Will try this one quick remark to make your job easier. I am already feeding fastq files that I trimmed priorly so I am not using any adapter option so do you think you still call cutadapt? I can confirm that all packages same I was able to run mirge in the same environment back in May. However, just recently I tried to update it using bioconda which I think started the problem.

[mhalushka]

That is interesting. I think miRge still calls cutadapt even if they are trimmed files as it still removes poor quality reads through that function of cutadapt. I'm sorry the update caused the problem and we'll try to figure out what we might have changed (besides leaving out some tRNA files). I know the last version of miRge added a tRF finder which was a significant change/addition to the program. It's possible that caused some incompatibilities that you are now seeing. If the packages fix doesn't work, please let me know.

[mhalushka]

Were you able to get it to run, or is it still failing?

[ahsen1402]

Hi Mark, Sorry for my late reply unfortunately i got this error this time:

Performing annotation for all of the collasped sequences...
All annotation cycles completed (6837.66 sec).

Summarizing and tabulating results...
Traceback (most recent call last):
  File "/soft/enter/envs/mirge1/bin/miRge2.0", line 11, in <module>
    load_entry_point('mirge==2.0', 'console_scripts', 'miRge2.0')()
  File "/soft/enter/envs/mirge1/lib/python2.7/site-packages/mirge/__main__.py", line 389, in main
    writeDataToCSV(outputdir, annotNameList, sampleList, isomirDiff, a_to_i, logDic, seqDic, mirDic, mirNameSeqDic, mirMergedNameDic, bowtieBinary, genome_index, numCPU, phred64, removedMiRNA_ai_List, spikeIn, gff_output, isomiRContentDic, miRNA_database, trf_output, trfContentDic, trnaStruDic, pre_tRNA_index, duptRNA2UniqueDic, trnaAAanticodonDic, tRNAtrfDic, trfMergedNameDic, trfMergedList)
  File "/soft/enter/envs/mirge1/lib/python2.7/site-packages/mirge/utils/writeDataToCSV.py", line 1080, in writeDataToCSV
    mimatchState, mismatchPosition = detectMismach(contentTmp[0], tRNA_seq, contentTmp[2])
  File "/soft/enter/envs/mirge1/lib/python2.7/site-packages/mirge/utils/writeDataToCSV.py", line 541, in detectMismach
    if target_seq[i] != seqTmp[i]:
IndexError: string index out of range

[mhalushka]

I'll think about the problem a bit more tomorrow, but I see the annotation cycles were 6837 seconds which is a really long time. I suspect you aligned multiple fastq files at once, but I wonder if you hit some sort of max buffer in your RAM that caused the write function to fail. If you run only one .fastq file, do you get the same error?

[ahsen1402]

Hi Mark,

With one sample it finished without errors:

Summarizing and tabulating results...
The number of A-to-I editing sites for is less than 10 so that no heatmap is drawn.
Summary Complete (150.93 sec)
Annotation of miRge2.0 Completed (412.83 sec)

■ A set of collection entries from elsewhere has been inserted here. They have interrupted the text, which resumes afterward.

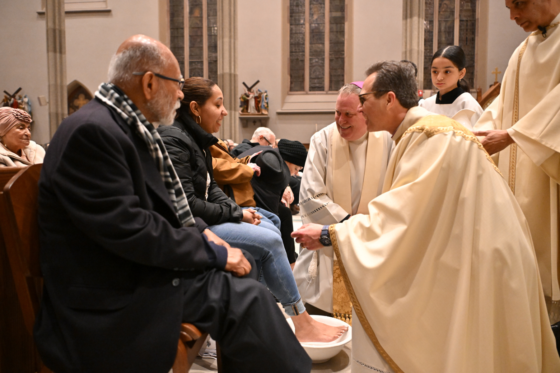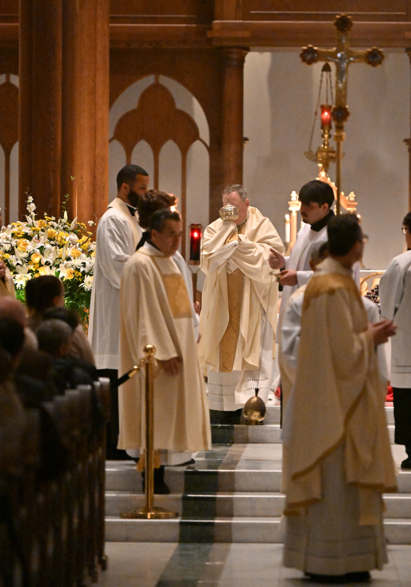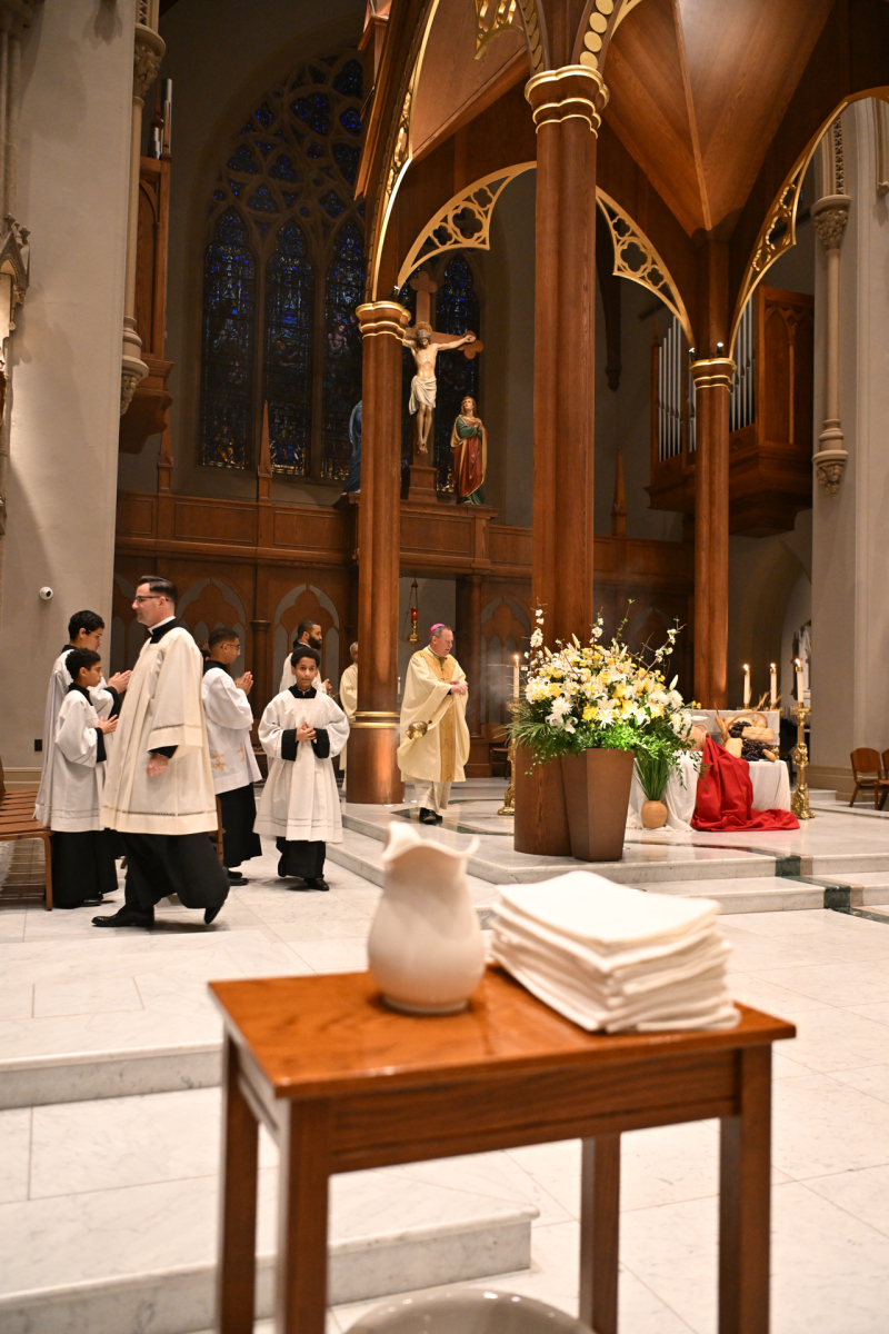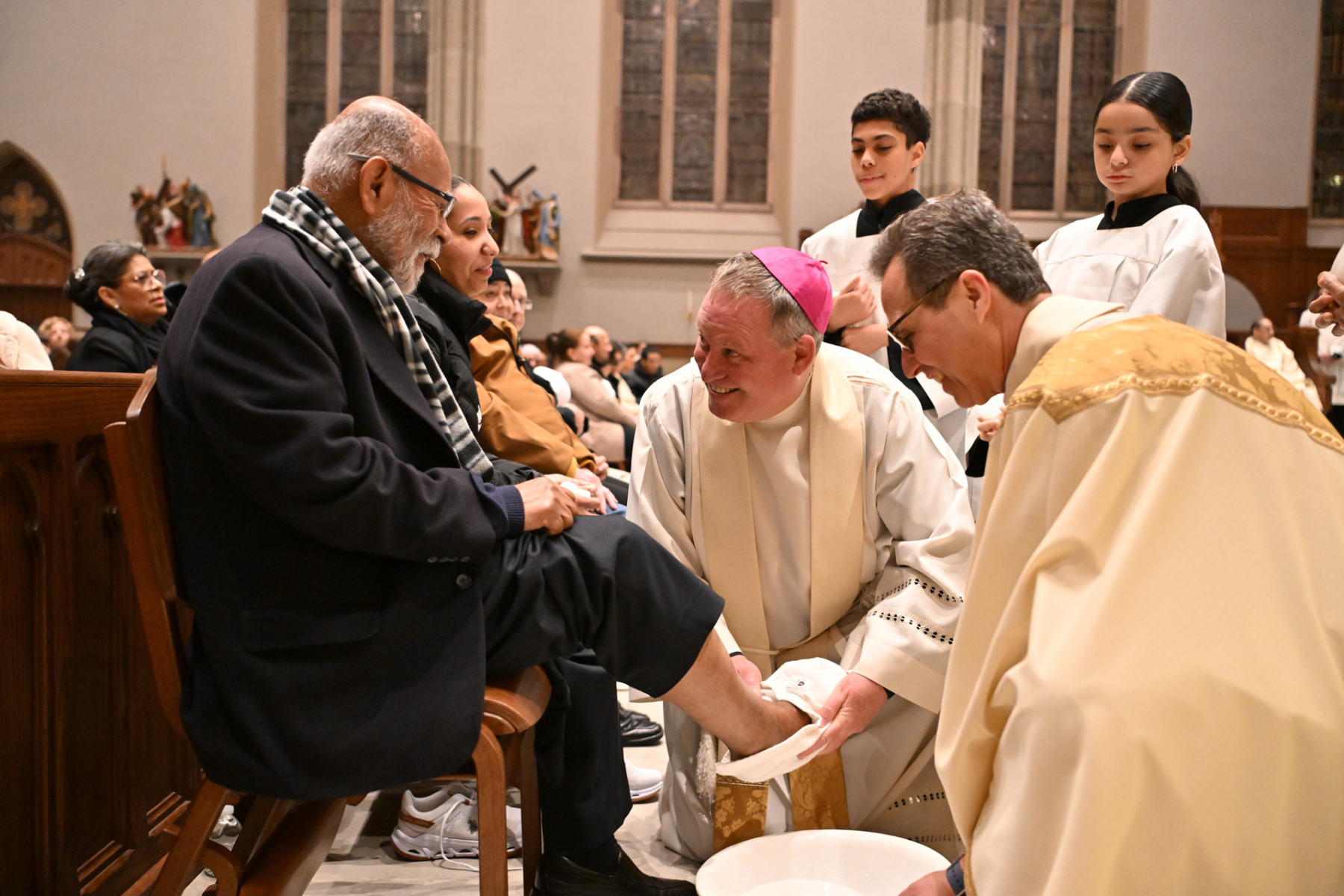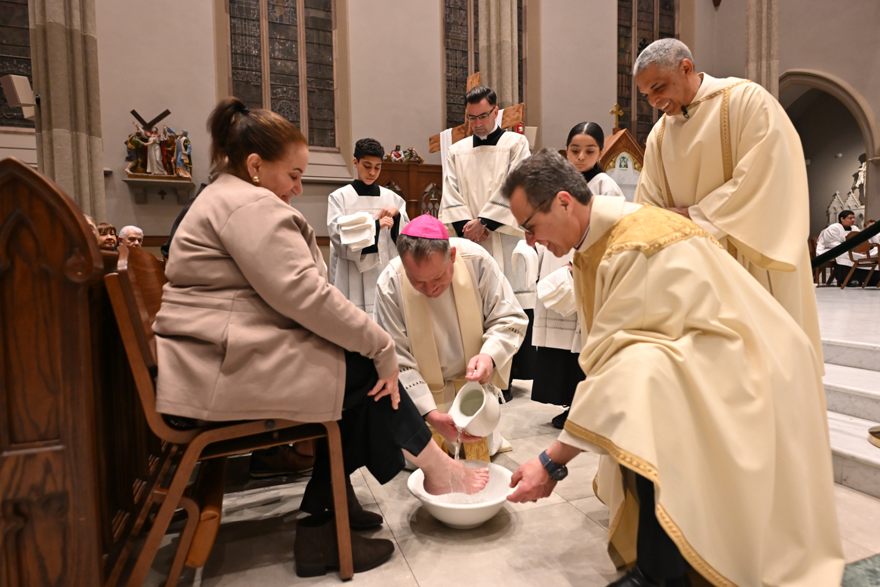 The Mass commemorates the institution of the sacraments of the Eucharist and Holy Orders by Jesus Christ. Just as Jesus washed the feet of his disciples at the Last Supper, Bishop Sweeney washed the feet of select faithful to symbolize the service and charity of Christ, who came “not to be served, but to serve.” By example of washing his disciples’ feet, Jesus demonstrated how Christians are to love one another through humble service.
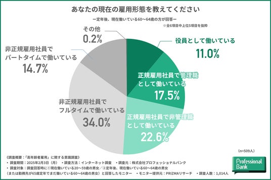 今回の調査に回答いただいた、定年後(または勤務先が65歳定年)も働いている60~64歳のシニア世代の現在の雇用形態は以下の通りです。
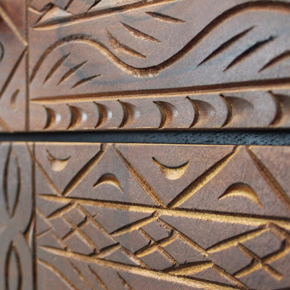 Wenge-decorated cabinet with 2 doors and 2 drawers in mango wood with iron frame
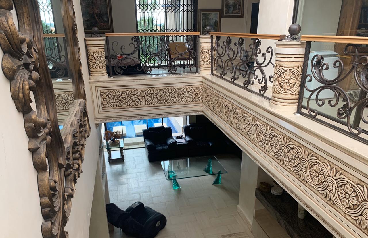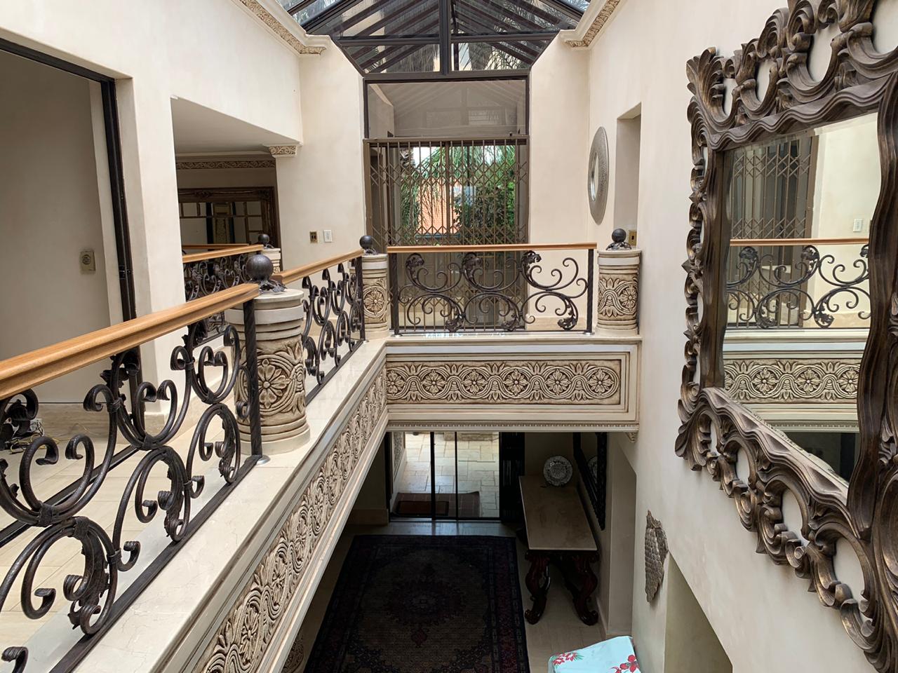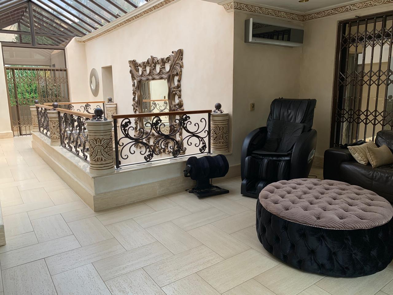 Upstairs, accommodation consists of 5 bedrooms with vast balconies, overlooking the garden. The palatial main bedroom incorporates a large dressing room and a bathroom to behold.
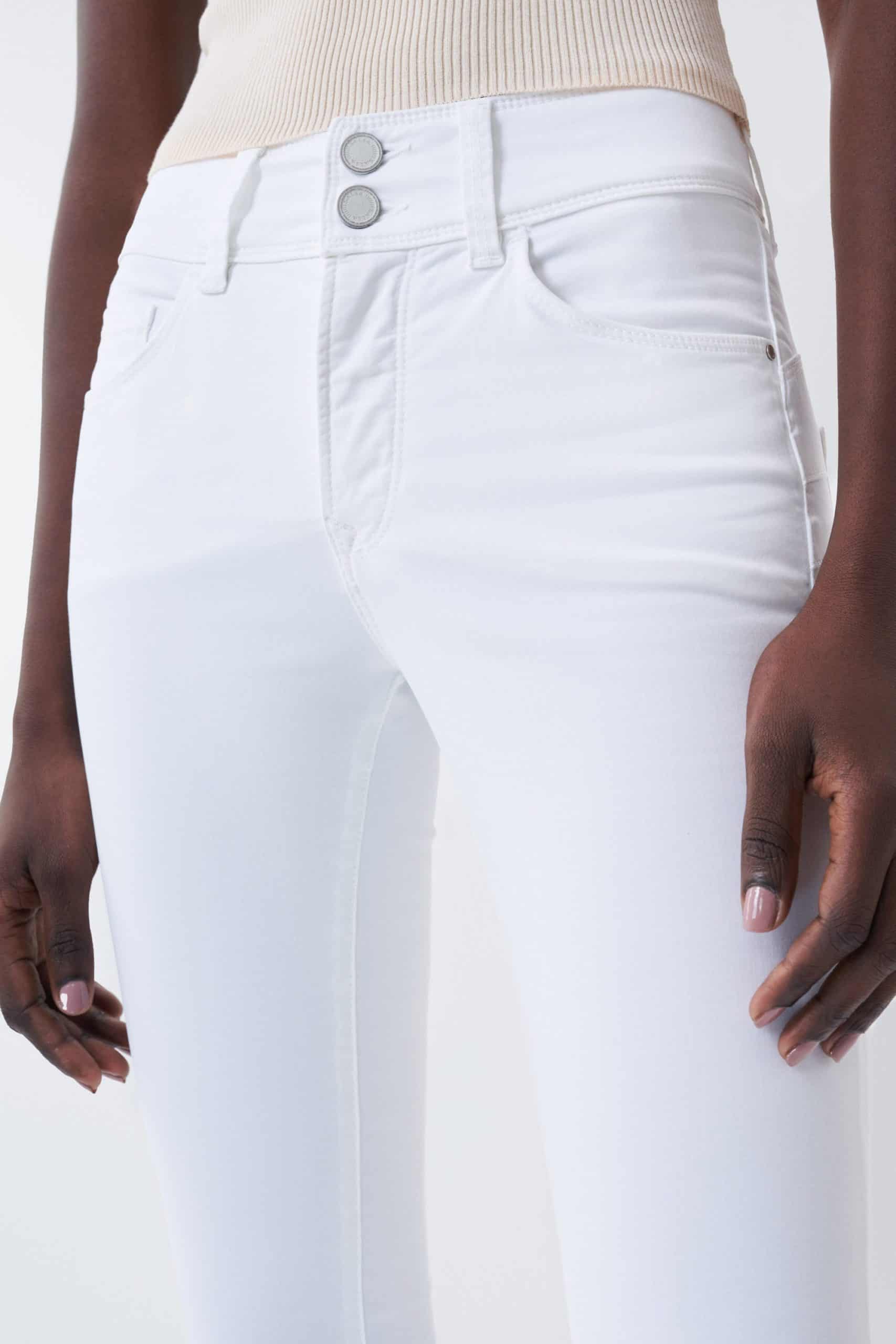 Push In Secret jeans from Salsa, with a skinny leg these salsa jeans will create a flat tummy effect and perfectly accentuate your curves. These jeans are high rise with two buttons in a beautiful soft fabric that is not see through. Great with runners for a casual look, with heels and a blazer for a night out.
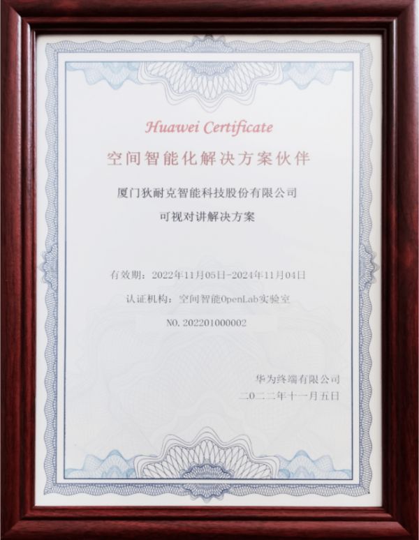 会议期间,狄耐克获得华为授予的“空间智能化解决方案伙伴”认证证书,成为首批全屋智能面向可视对讲行业的解决方案合作伙伴,意味着狄耐克卓越的解决方案设计、开发和交付能力及有口皆碑的品牌实力受到充分认可。

Is the algorithm deterministic upto bowtie assignments that I can run my data in batchs or does it use information from other samples while analyzing a given sample.

[mhalushka]

I'm glad it partially worked. If you are just annotating, you could run them all one at a time or in smaller batches and it won't have any negative effects. If you are trying to identify novel miRNAs, you may end up with a more repetitive experience, but still get the correct data. I frequently run up to 10 samples together without any issues. I've done more, but only with smaller fastq files (<2 million reads each).

[chenlx2014]

Hi Mark, I can't download the human library from the URL. Can you give me last human library files?

[arunhpatil]

@chenlx2014 Can you provide me your email address, I will share the zip file for human libraries.

[chenlx2014]

18246094519@163.com Thanks for your sharing.

[chenlx2014]

If my fastq file is phred33, the default format is phred64. What should I do?

[mhalushka]

I think our help page is incorrect. The default is phred 33. Please run the file without calling -phred64 and it should be fine. Let me know if you have any problems with that.